Integrate the function: $\int x(\log x)^{2} \, dx$

Let $I = \int x(\log x)^{2} \, dx$.
Using integration by parts,where $\int u \, dv = uv - \int v \, du$.
Let $u = (\log x)^{2}$ and $dv = x \, dx$.
Then $du = 2 \log x \cdot \frac{1}{x} \, dx$ and $v = \frac{x^{2}}{2}$.
$I = (\log x)^{2} \cdot \frac{x^{2}}{2} - \int \frac{x^{2}}{2} \cdot 2 \log x \cdot \frac{1}{x} \, dx$
$I = \frac{x^{2}}{2}(\log x)^{2} - \int x \log x \, dx$.
Now,integrate $\int x \log x \, dx$ by parts again.
Let $u = \log x$ and $dv = x \, dx$.
Then $du = \frac{1}{x} \, dx$ and $v = \frac{x^{2}}{2}$.
$\int x \log x \, dx = \log x \cdot \frac{x^{2}}{2} - \int \frac{x^{2}}{2} \cdot \frac{1}{x} \, dx$
$= \frac{x^{2}}{2} \log x - \frac{1}{2} \int x \, dx = \frac{x^{2}}{2} \log x - \frac{x^{2}}{4}$.

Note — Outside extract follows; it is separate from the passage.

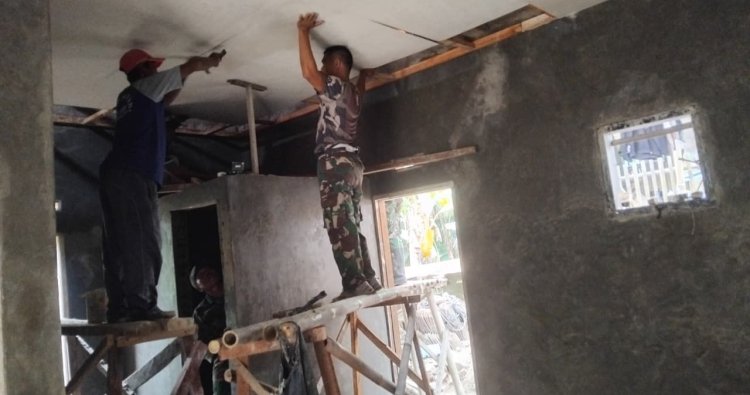 Terlihat dalam kegiatan tersebut, para anggota Satgas TMMD bersama warga bahu-membahu mengangkat dan memasang lembaran plafon di bagian dalam rumah yang sedang direhab. Proses pemasangan dilakukan dengan penuh ketelitian untuk memastikan hasil pekerjaan rapi, kuat, dan nyaman bagi penghuni rumah nantinya.
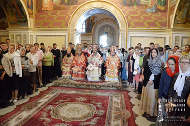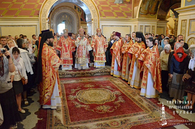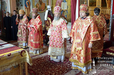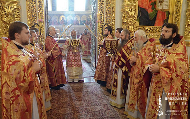 За Литургией Его Блаженству сослужили: архиепископ Бучанский Пантелеимон; епископ Макаровский Иларий; епископ Ирпенский Климент, а также духовенство монастыря.

Substituting this back into the expression for $I$:
$I = \frac{x^{2}}{2}(\log x)^{2} - \left( \frac{x^{2}}{2} \log x - \frac{x^{2}}{4} \right) + C$
$I = \frac{x^{2}}{2}(\log x)^{2} - \frac{x^{2}}{2} \log x + \frac{x^{2}}{4} + C$.